藥品開始告急。磺胺快用完了,碘酒快用完了,繃帶快用完了。老劉找到陳東征,站在他面前,臉上的皺紋更深了。“旅座,磺胺只夠用三天了。碘酒只夠兩天。繃帶——”他頓了一下,“繃帶己經在洗了再用,用一次洗一次,洗到不能再用了為止。”
陳東征看著他。“還能撐多久?”
老劉想了想。“如果傷員不再增加,能撐一個星期。如果傷員繼續增加——三天。”
陳東征沉默了一下。“節約用藥。輕傷不下火線。重傷的,優先用。”
老劉點了點頭,轉身走了。
陳東征坐在彈藥箱上,拿起電話。他要給第三戰區發電報,請求補給。他知道補給不會來,但他還是要發。發了,上面知道這裡還在打,知道他們還在撐,知道他們需要什麼。他放下電話,走出指揮部,走進坑道。
坑道里很暗,馬燈的光線昏黃,照在士兵們的臉上。他們有的靠在洞壁上打盹,有的蹲在地上擦槍,有的三三兩兩小聲說話。看到陳東征走過來,有人站起來敬禮,有人點頭,有人只是看著他。他走到一個年輕計程車兵面前,停下來。那個士兵蹲在地上,手裡拿著一個搪瓷缸子,缸子裡是半缸子雨水,水面上漂著一點灰塵。
“水乾淨嗎?”陳東征問。
士兵抬起頭,看到是旅長,愣了一下。“報、報告旅座,燒開了,能喝。”
陳東征點了點頭,繼續往前走。他走得很慢,每走一段就停下來,看看這個,問問那個。腳怎麼樣?傷好了沒有?吃了沒有?士兵們回答他,有的說好,有的說還行,有的說沒事。沒有人抱怨,沒有人喊苦。他走到坑道的拐角處,那裡坐著幾個傷兵。一個人頭上纏著繃帶,繃帶上滲著血。一個人胳膊吊著,手腫得老高。一個人腿上打著夾板,躺在地上,臉色蒼白。

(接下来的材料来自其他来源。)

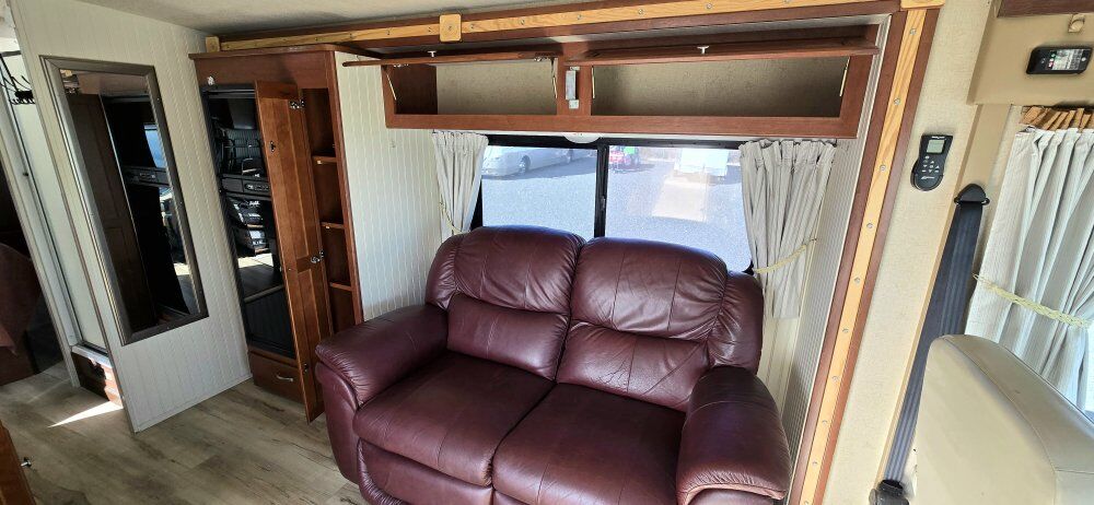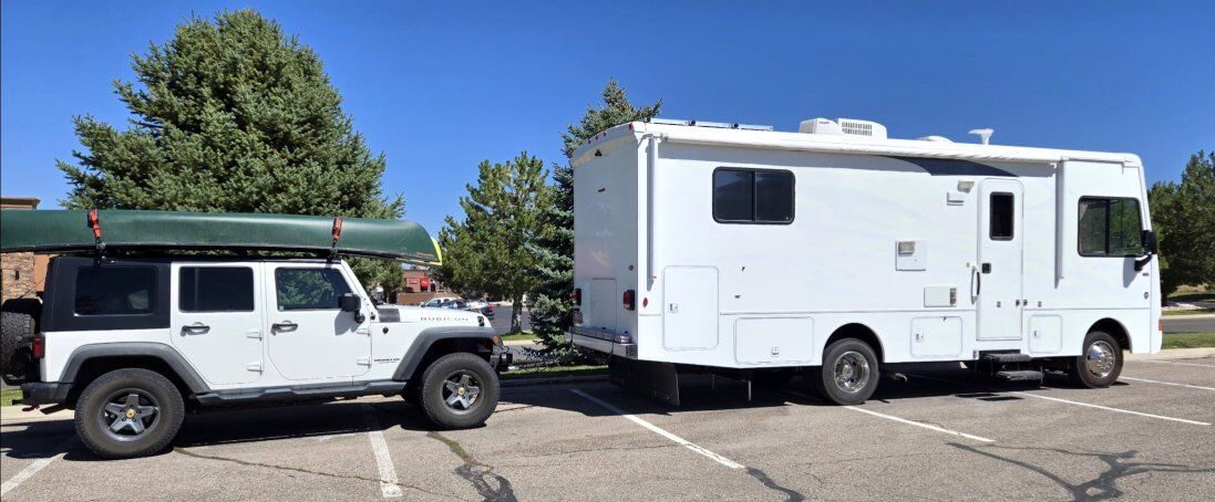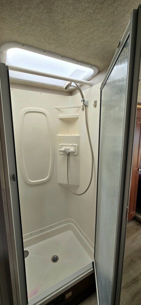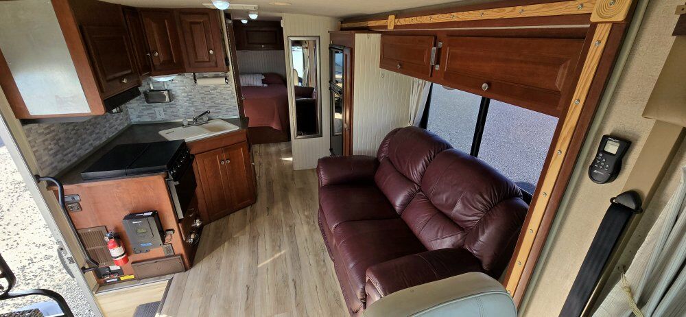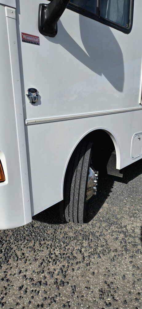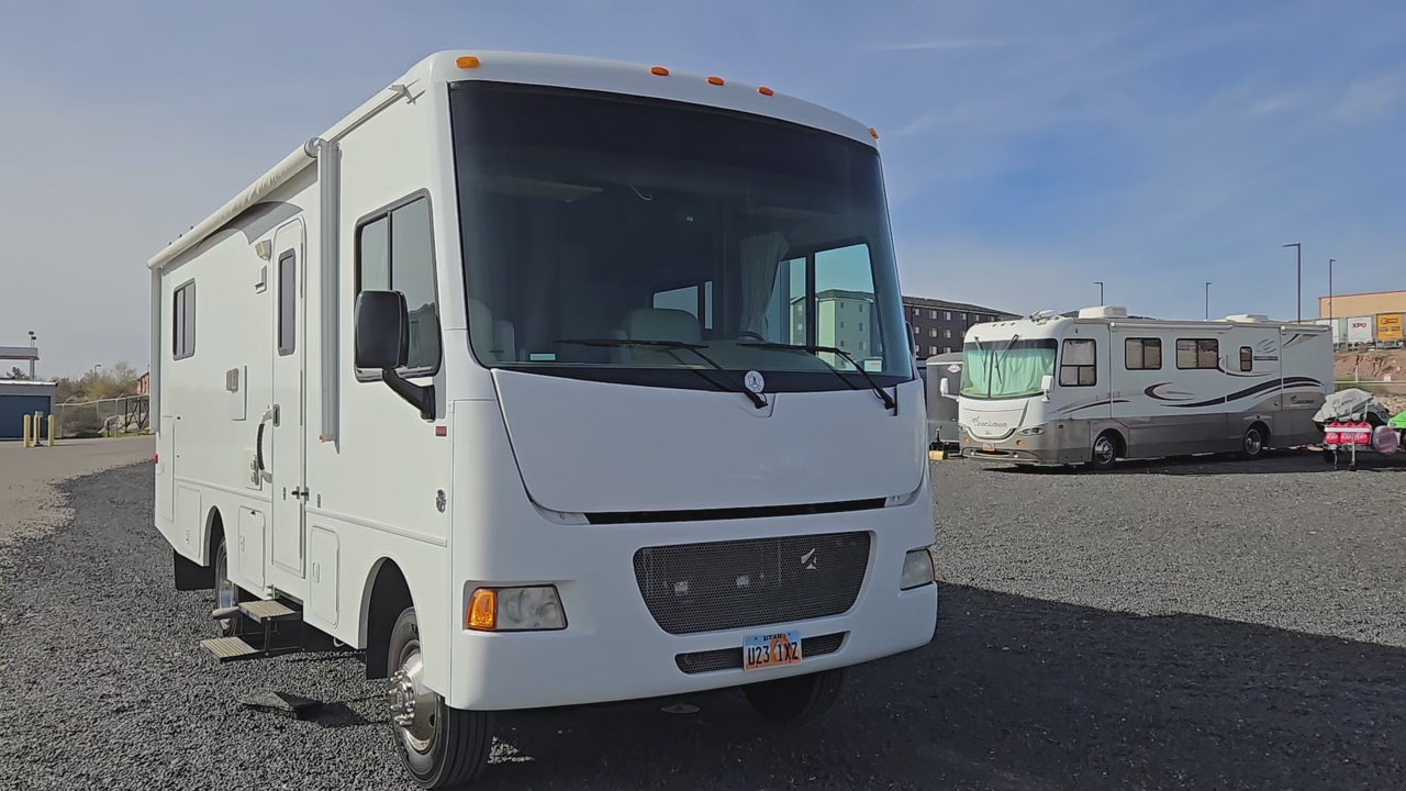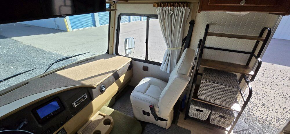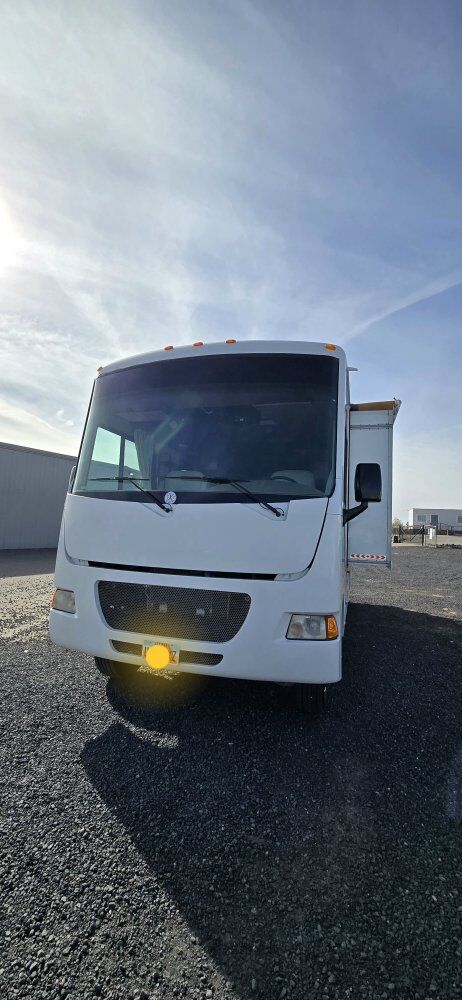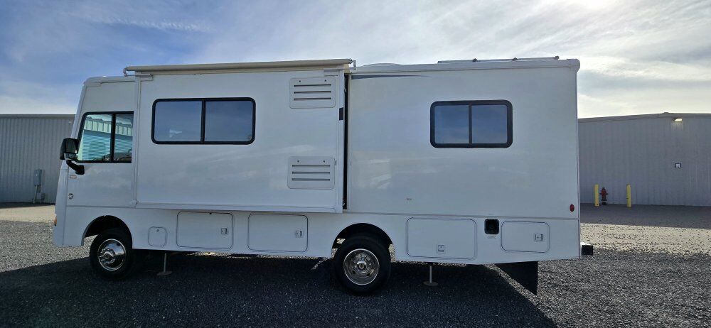 This Class A motorhome is only 27' long. It is short enough to easily park in those smaller camping spots. It has a Ford V10 gas engine with 32,200 miles on it. It is set up for off-grid camping with a solar system which includes 600 watts of panels on the roof, 60A Renogy Solar Charge Controller, a 3000W Renogy Pure Sine Wave Inverter, and 3-100Ah Lithium Batteries. It has hydraulic self-leveling jacks, 60-gallon fresh water, 43-gallon black and 38-gallon gray tanks. It has an Onan on-board generator with low hours, furnace, air conditioner, and fantastic fan. 1 slide out and a 19' awning. There is plenty of exterior storage. The interior of this unit has been fully remodeled. Everything is in good working condition. Both the driver's and passenger seats swivel for more seating. This rig is ready for your adventures and spring is knocking at the door. Come take a look!

陳東征蹲下來,看著那個腿上打夾板的傷兵。“怎麼傷的?”
傷兵看到是旅長,想坐起來,陳東征按住了他。“躺著說。”
“炮彈炸的。彈片崩到腿上了。”傷兵的聲音很輕,嘴唇乾裂,臉色灰白。
“疼不疼?”
傷兵猶豫了一下。“疼。但能忍。”
陳東征看著他,看了一會兒。“好好養傷。傷好了,我帶你回家。”
傷兵愣了一下,然後點了點頭。他的眼睛裡有什麼東西亮了一下,不是淚光,是一種更亮的、像是“我相信你”的光。陳東征站起來,繼續往前走。